First, we have to list all the feasible state-action pairs. For our example, they are: $(s, a) = (0, 0), (0, 1), (1, 0)$.

We have arrays s_indices and a_indices of length $3$ contain the indices of states and actions, respectively.


In [8]:
s_indices = [0, 0, 1]  # State indices
a_indices = [0, 1, 0]  # Action indices

The reward vector R is a length $L$ 1-dimensional array:


In [9]:
# Rewards for (s, a) = (0, 0), (0, 1), (1, 0), respectively
R = [5, 10, -1]

The transition probability array Q is an $L \times n$ 2-dimensional array:


In [10]:
# Probability vectors for (s, a) = (0, 0), (0, 1), (1, 0), respectively
Q = [(0.5, 0.5), (0, 1), (0, 1)]

For the discount factor, set $\beta = 0.95$ as before:


In [11]:
beta = 0.95

Now create a DiscreteDP instance:


In [12]:
ddp_sa = DiscreteDP(R, Q, beta, s_indices, a_indices)
Notes

Importantly, this formulation allows us to represent the transition probability array Q as a scipy.sparse matrix (of any format), which is useful for large and sparse problems.

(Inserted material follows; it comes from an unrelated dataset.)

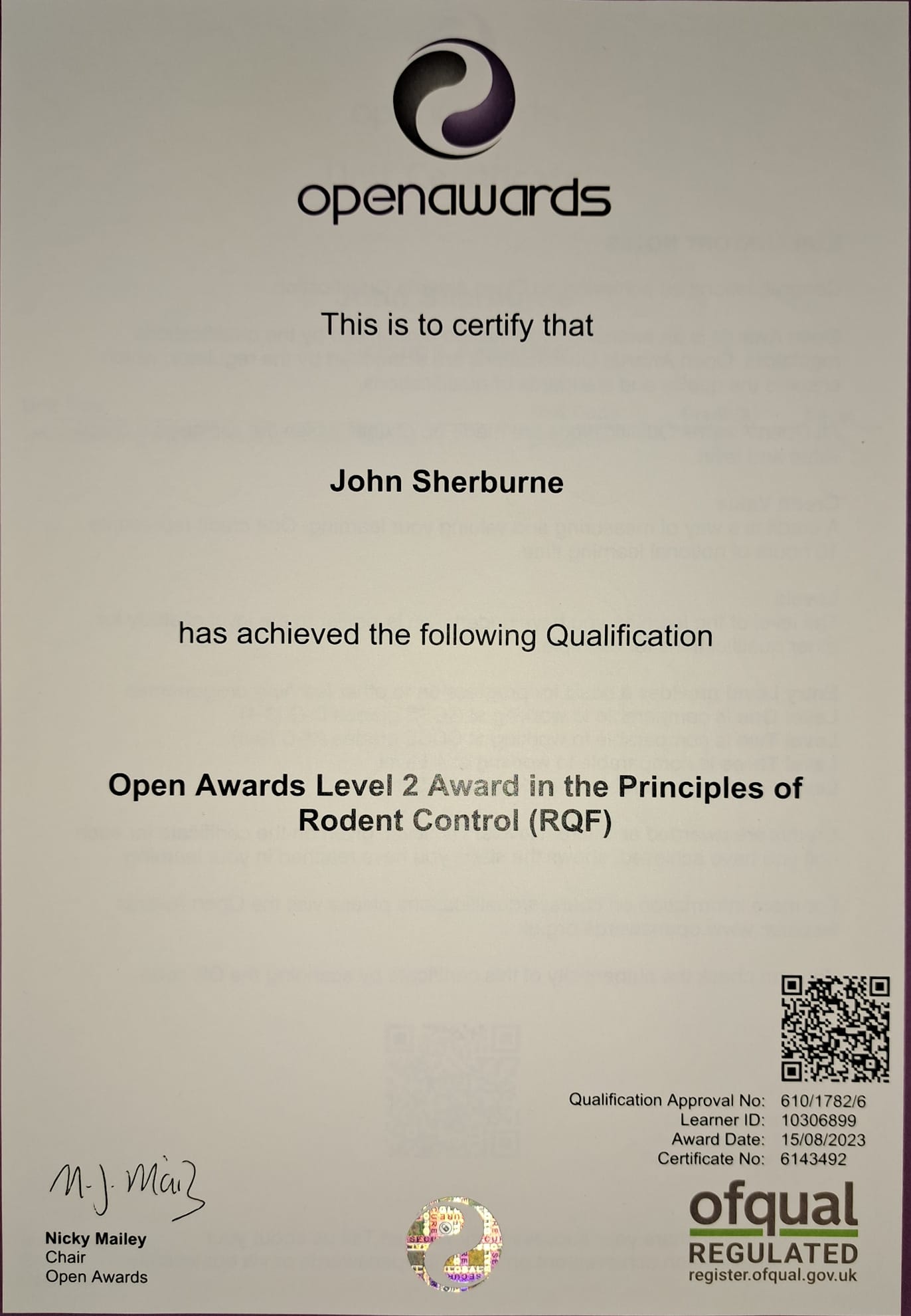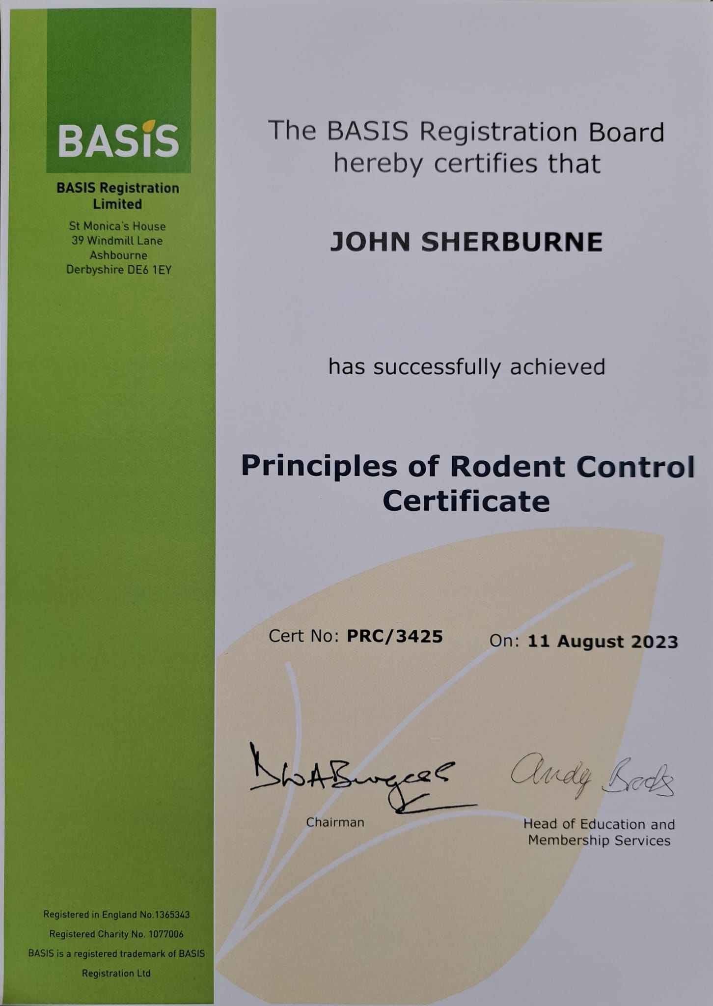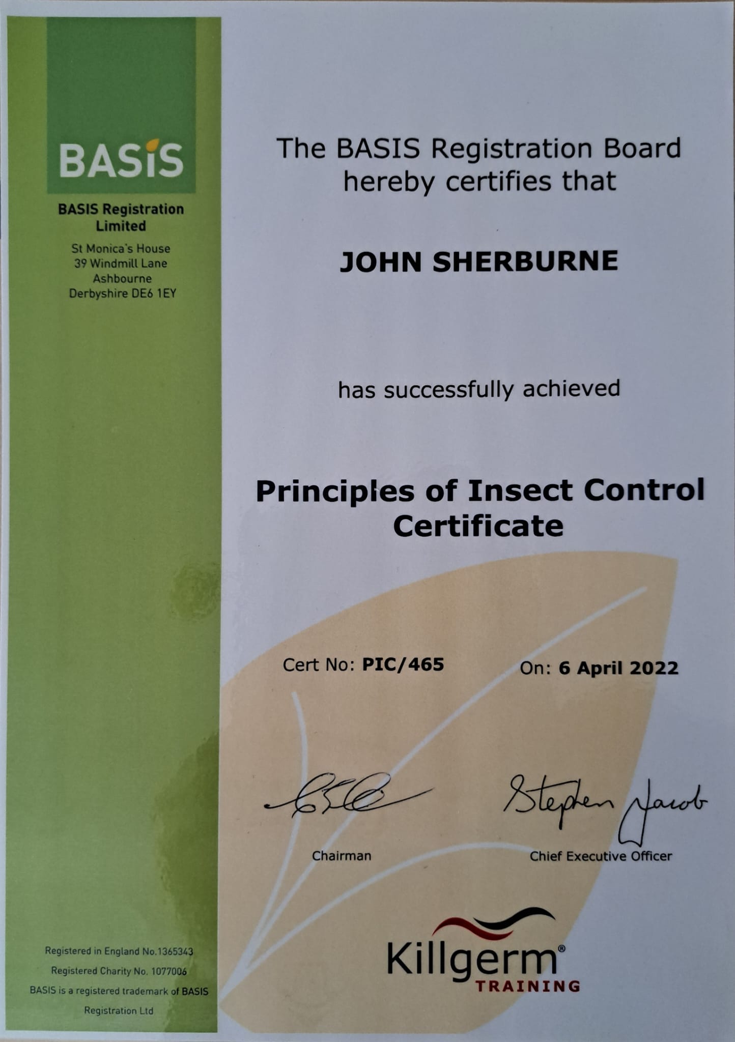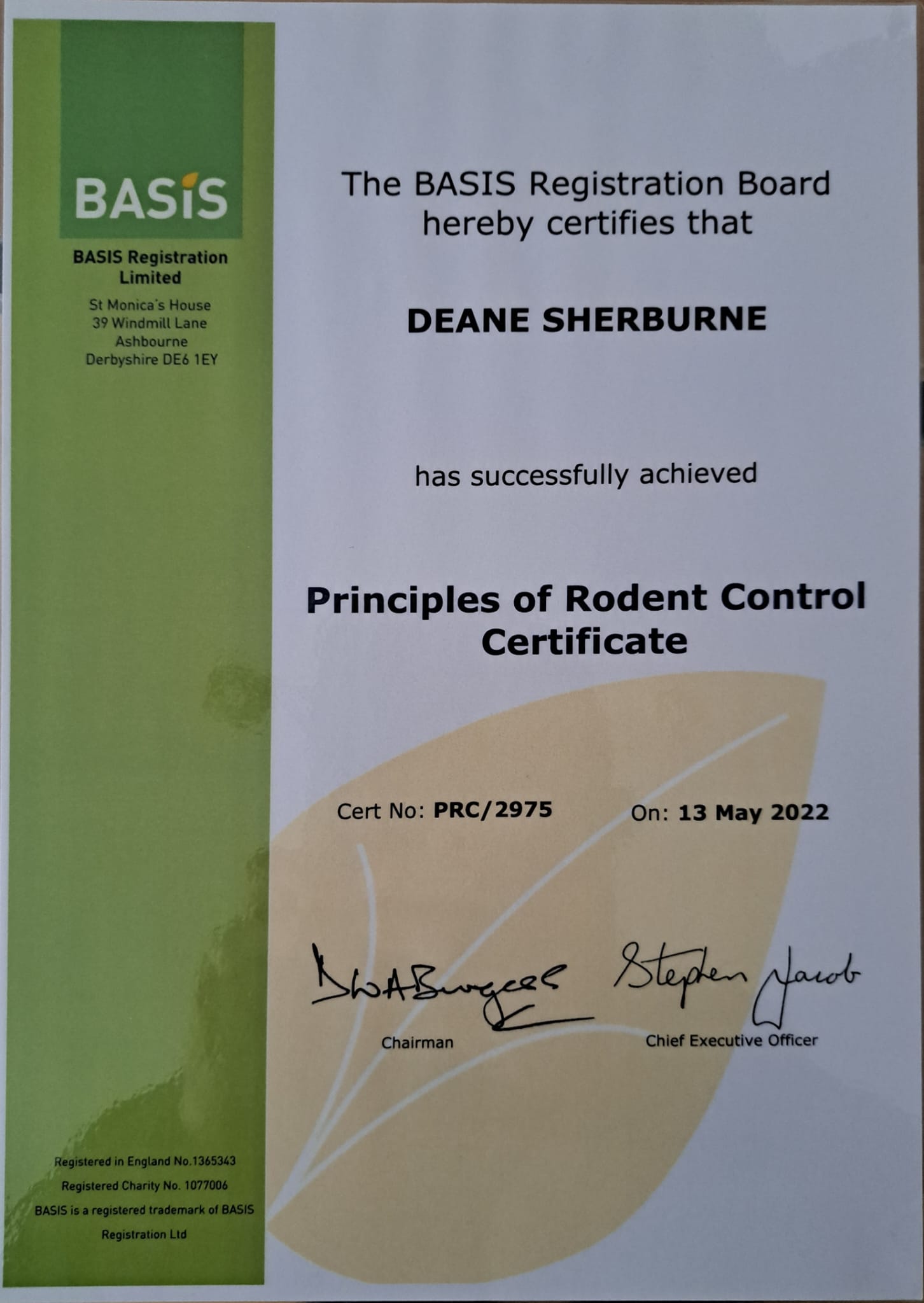 All our operatives are DBS checked and have the required qualifications to manage your pests safely and effectively. Our certificates can be found below to give you peace of mind you are in safe hands.

For example, let us convert the above ndarray Q to the Coordinate (coo) format:


In [13]:
import scipy.sparse
Q = scipy.sparse.coo_matrix(Q)

Pass it to DiscreteDP with the other parameters:


In [14]:
ddp_sparse = DiscreteDP(R, Q, beta, s_indices, a_indices)

Internally, the matrix Q is converted to the Compressed Sparse Row (csr) format:


In [15]:
ddp_sparse.Q


Out[15]:
<3x2 sparse matrix of type '<class 'numpy.float64'>'
	with 4 stored elements in Compressed Sparse Row format>

In [16]:
ddp_sparse.Q.toarray()


Out[16]:
array([[ 0.5,  0.5],
       [ 0. ,  1. ],
       [ 0. ,  1. ]])

Solving the model

Now let us solve our model. Currently, DiscreteDP supports the following solution algorithms:

  • policy iteration;
  • value iteration;
  • modified policy iteration.

(The methods are the same across the formulations.)

Policy iteration

We solve the model first by policy iteration, which gives the exact solution:


In [17]:
v_init = [0, 0]  # Initial value function, optional(default=max_a r(s, a))
res = ddp.solve(method='policy_iteration', v_init=v_init)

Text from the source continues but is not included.